TEL AVIV, Jan 23 (Reuters) – Israeli shipping company Zim agreed a restructuring deal with most of its creditors that will see part of its debt swapped for shares and cut parent company Israel Corp’s stake to less than a third.
Zim, which has been hit hard in recent years by a faltering global economy, said on Thursday the deal would cut its overall liabilities to between $1-$1.5 billion from about $3 billion, with part of its debt being written off.
Creditors would also receive 68 percent of Zim’s equity, which it would seek to list.
In addition to Israel Corp and bondholders, shareholders would include overseas banks and ship owners.
Zim, which is upgrading its fleet to more efficient vessels, said the shareholder structure would enable the company to form strategic collaborations for the first time.
“This is a long-term agreement that will grant the company the financial stability to withstand many challenges and changing market conditions,” Zim Chief Executive Rafi Danieli said in a statement.

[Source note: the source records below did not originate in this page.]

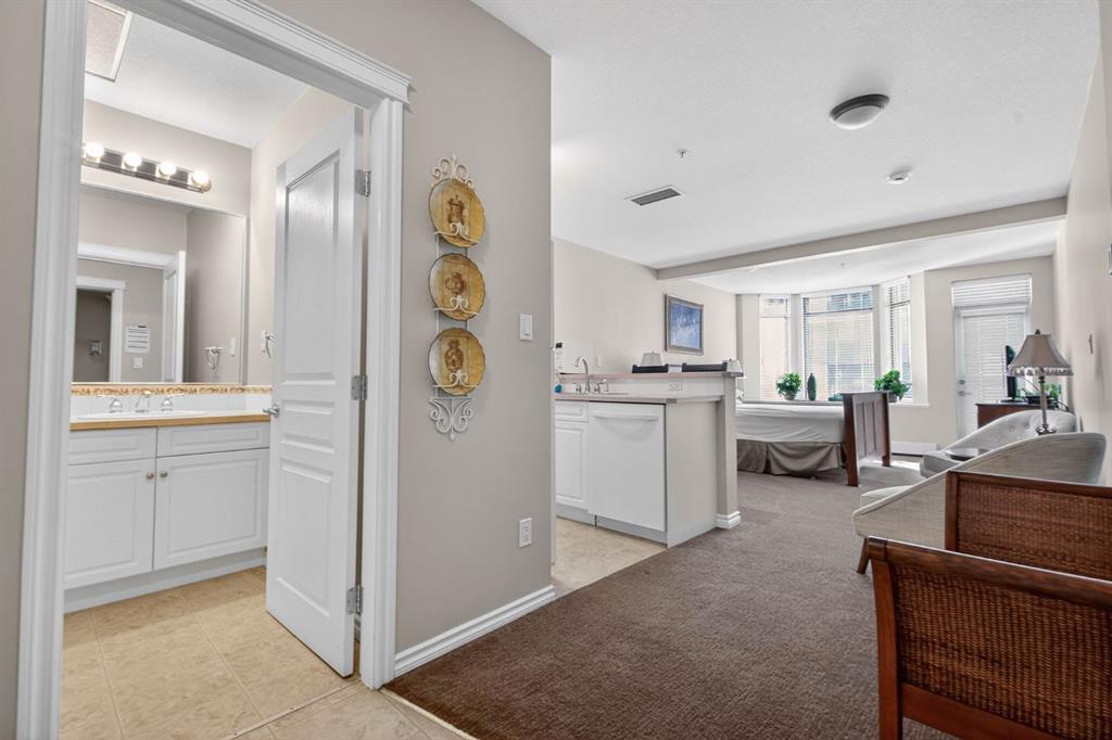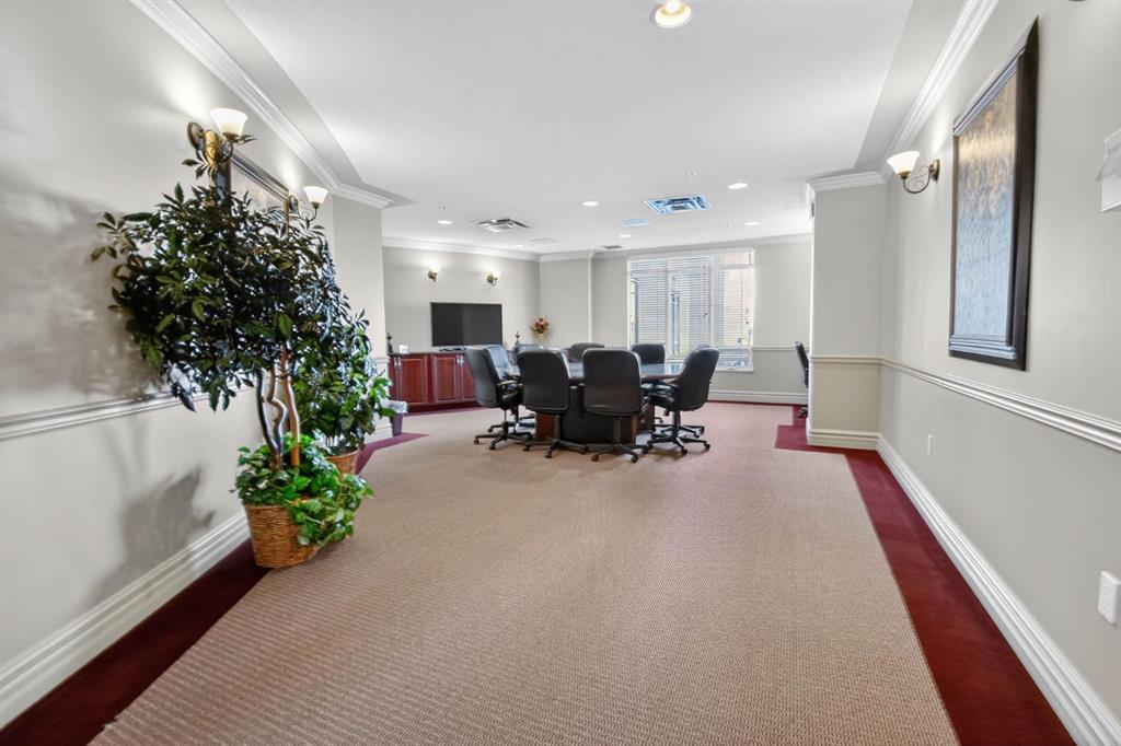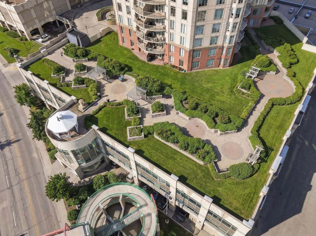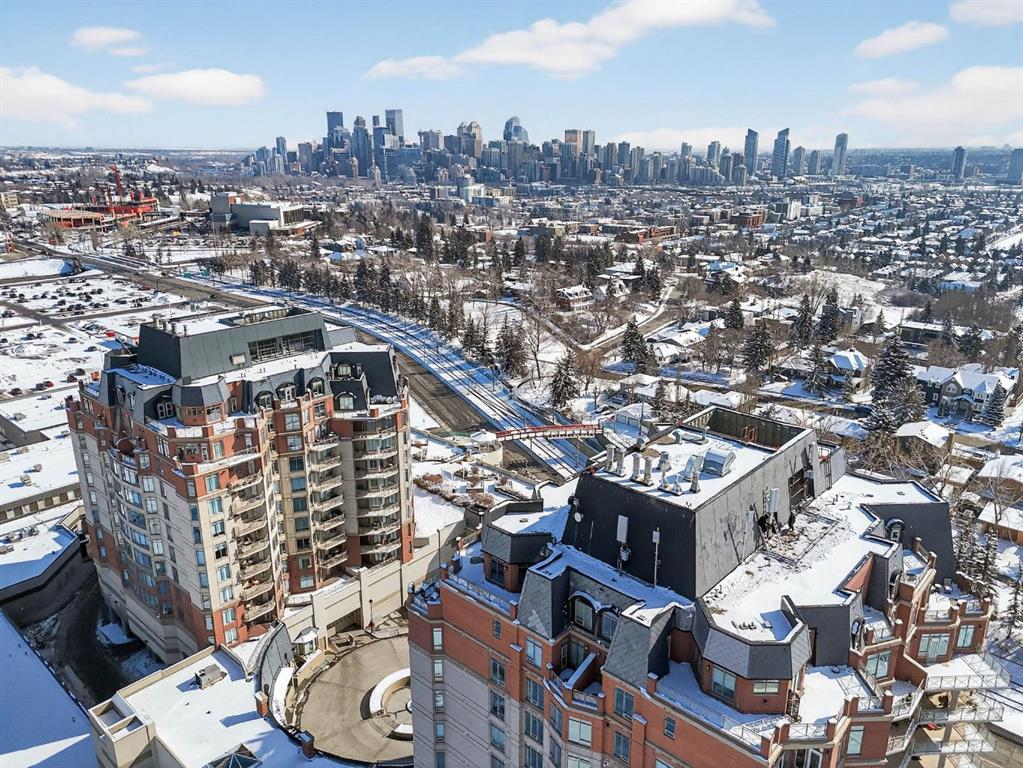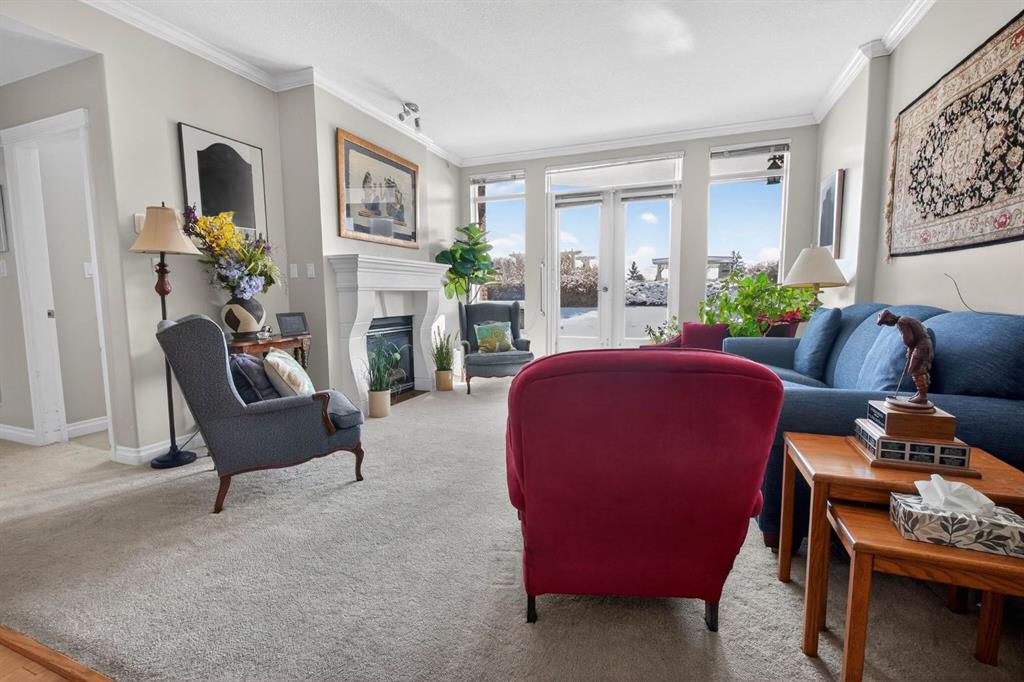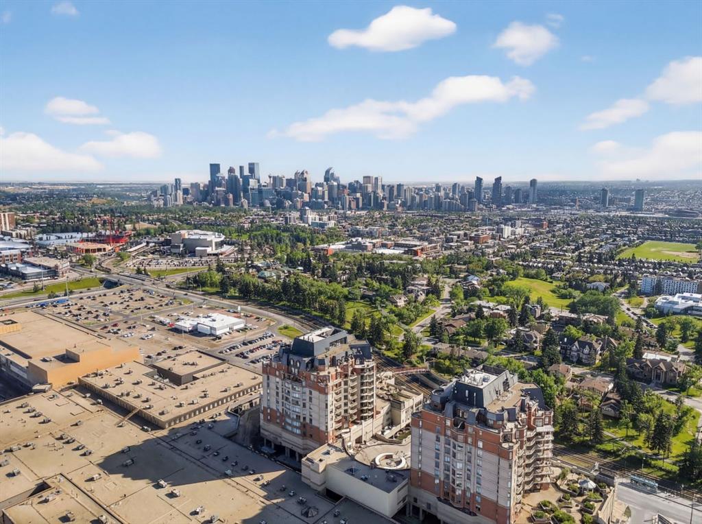 Enjoy this rare unit featuring a combination of greenspace and city views from this spacious ground floor walkout condo in The Renaissance, one of Calgary’s most desirable premier adult living condo buildings with an extensive list of amenities. Offering 1,412 sq.ft., 2 bedrooms, 2 bathrooms, plus a den/office, this bright south-facing unit is filled with tons of natural light through large windows overlooking beautifully landscaped greenspace. Inside, the home features hardwood flooring, freshly shampooed carpet, a spacious open living and dining area, a well-sized kitchen with stainless steel appliances and pantry, in-suite washer and dryer, central air cooling and a cozy gas fireplace. The versatile den is perfect for a home office or computer room. The thoughtful layout provides comfortable everyday living while offering plenty of room to entertain. The spacious primary bedroom features a large walk-in closet, and the same amazing views from the patio can also be enjoyed from the bedroom windows, creating a peaceful backdrop year-round. The 4-piece ensuite includes a standing shower as well as a walk-in jetted Jacuzzi tub. The second bedroom is conveniently located across from the full main bathroom. Step outside through the double French doors to your walkout patio with a natural gas line for your BBQ, where the quiet and peaceful setting feels more like stepping into your own private yard than a condo. Ground floor units with this type of outdoor access are rarely available in the building! Additional highlights include a Vacuflo system, secure titled underground heated parking and a large storage room located on the same level just steps from your front door, another rare and convenient feature. Residents enjoy the outstanding amenities of The Renaissance, including 24/7 concierge and security service, fitness facilities, social and recreation spaces such as the games and hobby room, guest suites, a movie theatre, library, car wash bay, and beautifully maintained common areas inside and outside with gazebos and BBQ areas. The building also offers a garbage chute on each floor, no more wrestling garbage bags going down to the parkade! You also have secure, heated indoor access to North Hill Centre, which includes Safeway, Shoppers Drug Mart, restaurants, medical and dental offices, banks and more, making grocery shopping, dining, and daily errands effortless year-round. Just steps away is the LRT Station, providing quick access to downtown and the rest of the city. The Calgary Public Library, SAIT, and the Jubilee Auditorium are also just minutes away. A rare opportunity to enjoy spacious living, incredible views, and unbeatable inner-city convenience in one of Calgary’s most sought-after condo communities.
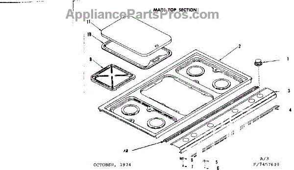 Parts for Kenmore 119.7457610 (1197457610, 119 7457610): Main Top Section Parts
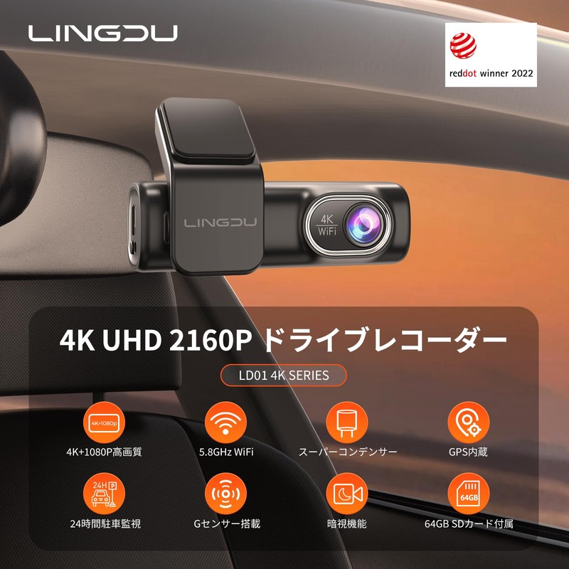 - (Equipped with 5 GHz WiFi, 64 GB Card) 1. Use the LINGDU app from 2.4 GHz Wi-Fi app to check recorded videos by simply connecting it to your smartphone in the event of an accident or aiming at a car. It transfers data faster so you can check and play records, and download it as well. Take great recordings while traveling and share them with family and friends through SNS ❷ Many of the 4K dash cameras currently come with 32GB cards, but the capacity is full and will not be able to record for a long time. The LINGDU LD01 comes with a 64 GB microSD card, so you don't have to purchase a separate card and you don't have to worry about running out of space. Prevents damage to recorded video caused by accidents and protects important evidence
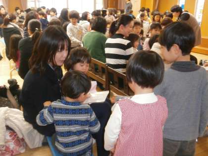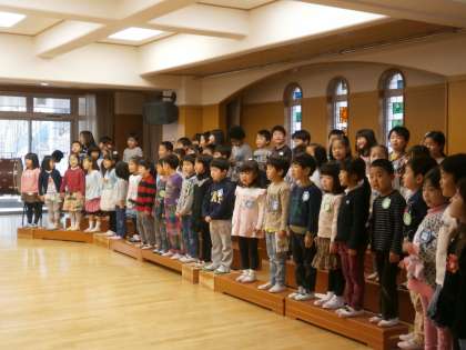 いつもなら3・4・5歳児の順に発表することが多いのですが,今日は4歳児が最後でした。それは,今日の半日入園の子どもたちが入園してきた時に,今の4歳児がいちばん大きなお兄さんお姉さんとなってお世話をしたり,頑張ってくれたりするからです。
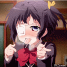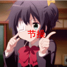 摇手指这个梗最早出自于《中二病也要谈恋爱》,之后被鬼畜了一把。

Israel Corp, which owns 99.7 percent of Zim, will inject $200 million into Zim’s capital and, on completion of the restructuring, hold 32 percent of the firm and remain its biggest shareholder.
Israel Corp shares were 1.2 percent lower in midday trade in Tel Aviv.
Its controlling shareholder is billionaire Idan Ofer, whose family made its fortune in the shipping industry.
One of Israel’s largest conglomerates, Israel Corp was hard hit last year by the closure of Better Place, whose battery charging network had aimed to boost electric car sales. Better Place has lost more than $800 million since 2008.
Israel Corp also controls Israel Chemicals, the world’s sixth-largest potash producer whose profits have fallen on weakness in the potash market, as well as Oil Refineries .
In June, Israel Corp said it was considering splitting into two companies in a bid to attract a broader range of investors.